- Theatrical release poster
- Directed by: Kabir Khan
- Written by: Kabir Khan Parveez Shaikh
- Dialogues by: Kabir Khan Kausar Munir
- Based on: Mumbai Avengers by Hussain Zaidi
- Produced by: Sajid Nadiadwala Siddharth Roy Kapur
- Starring: Saif Ali Khan Katrina Kaif
- Cinematography: Aseem Mishra
- Edited by: Aarif Sheikh
- Music by: Songs: Pritam Score: Julius Packiam
- Production companies: UTV Motion Pictures Nadiadwala Grandson Entertainment
- Distributed by: UTV Motion Pictures
- Release date: 28 August 2015;
- Running time: 135 minutes
- Country: India
- Language: Hindi
- Budget: ₹72 crore
- Box office: ₹84 crore

= Phantom (2015 film) =

2015 Indian film by Kabir Khan

Phantom is a 2015 Indian Hindi-language spy action thriller film directed by Kabir Khan and produced by Sajid Nadiadwala and Siddharth Roy Kapur.
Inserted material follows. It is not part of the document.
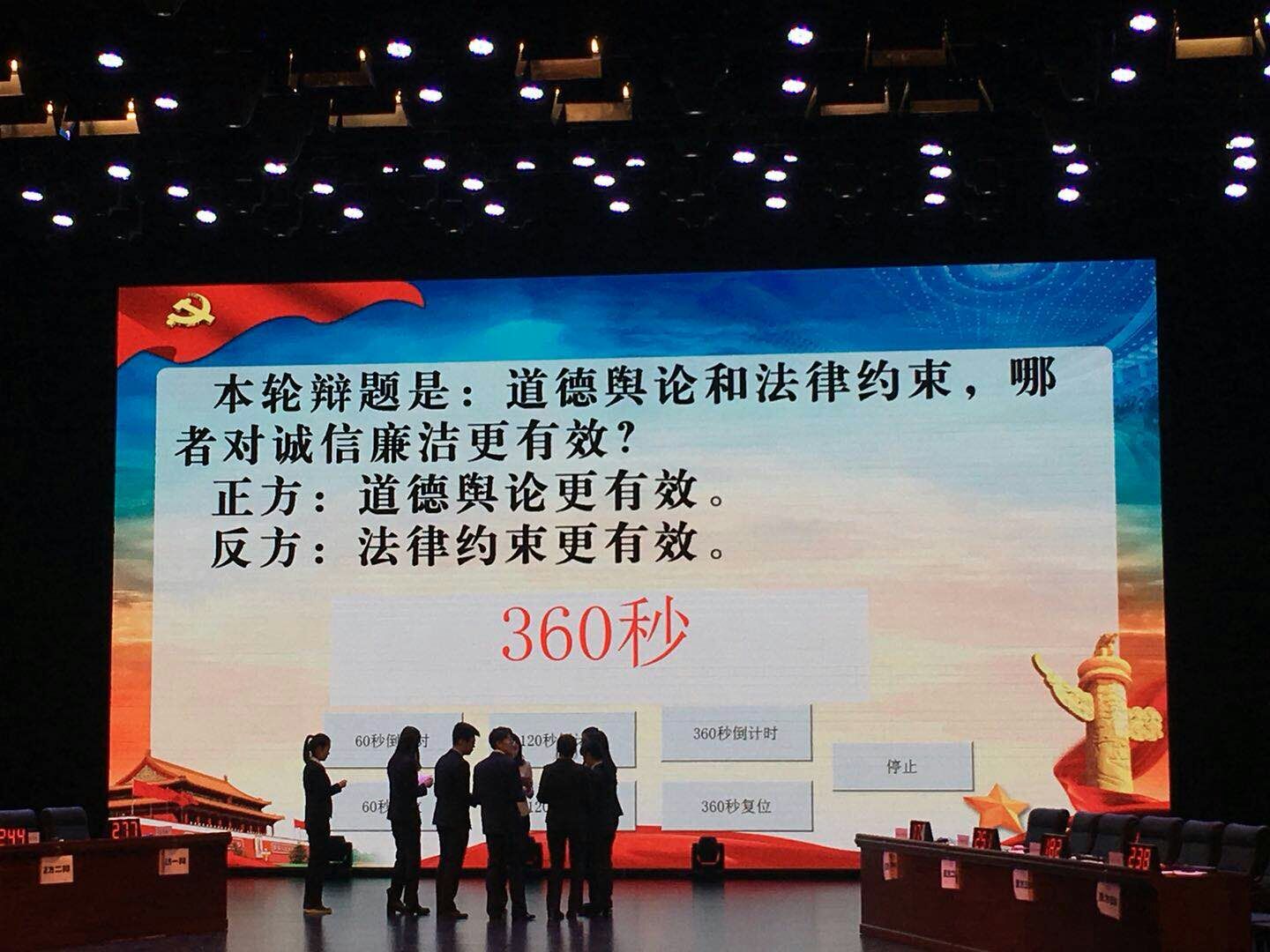 主持人阐述此次活动目的和意义后,比赛正式开始。第一轮为知识抢答环节,由30道选择题与20道判断题组成,题目以廉洁为主题、涉及中共现行廉政政策、国内外各项廉政法律条文等。比赛战况激烈,各支队伍抢答积极、表现活跃,比分交替增长。第二轮为即兴问答环节李玉涵就“作为一名学生党员,如何提高党性修养,加强学习型、服务型、创新型支部建设”进行了180秒的即兴回答,第三轮为主题辩论环节,题目为“道德舆论和法律约束,哪者对诚信廉洁更有效”。苗凯伦同学抽取反方一辩,陈述了在当前社会环境下法律约束要比道德舆论更具有时效性,更加的简洁高效。第四环节为主题猜词。40秒答题时间内,系统随机给出与廉政有关的成语、机构、罪名、影视作品,李玉涵同学描述,刘月同学猜词,两人配合默契,接连答对3题。第四轮为主题附加展示环节。秦雨萱、宋佳宁、李泉瀚同学进行了软笔书法及诗朗诵表演。五轮比赛结束后,A片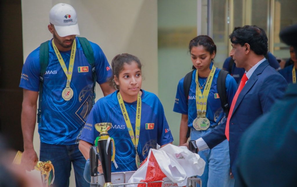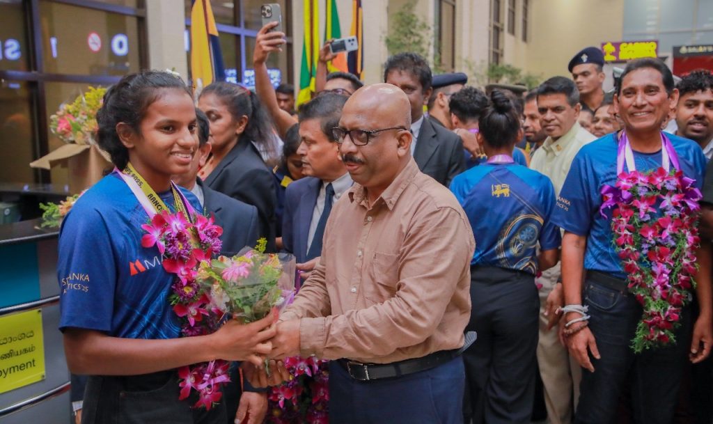 දිවයිනට පැමිණි ශ්රී ලංකා මලල ක්රීඩා කණ්ඩායම හරසරින් යුතුව පිළිගනු ලැබුවේය.

The film stars Saif Ali Khan and Katrina Kaif in leading roles. The screenplay of the film was written in coordination with author Hussain Zaidi's book Mumbai Avengers on the aftermath of 26/11 Mumbai attacks. The film was released worldwide on 28 August 2015 to mixed reviews from critics.

==Plot==

The story opens with a narration of Mumbai and the assault it suffered across the world at the hands of the perpetrators of the 26/11 terror attacks.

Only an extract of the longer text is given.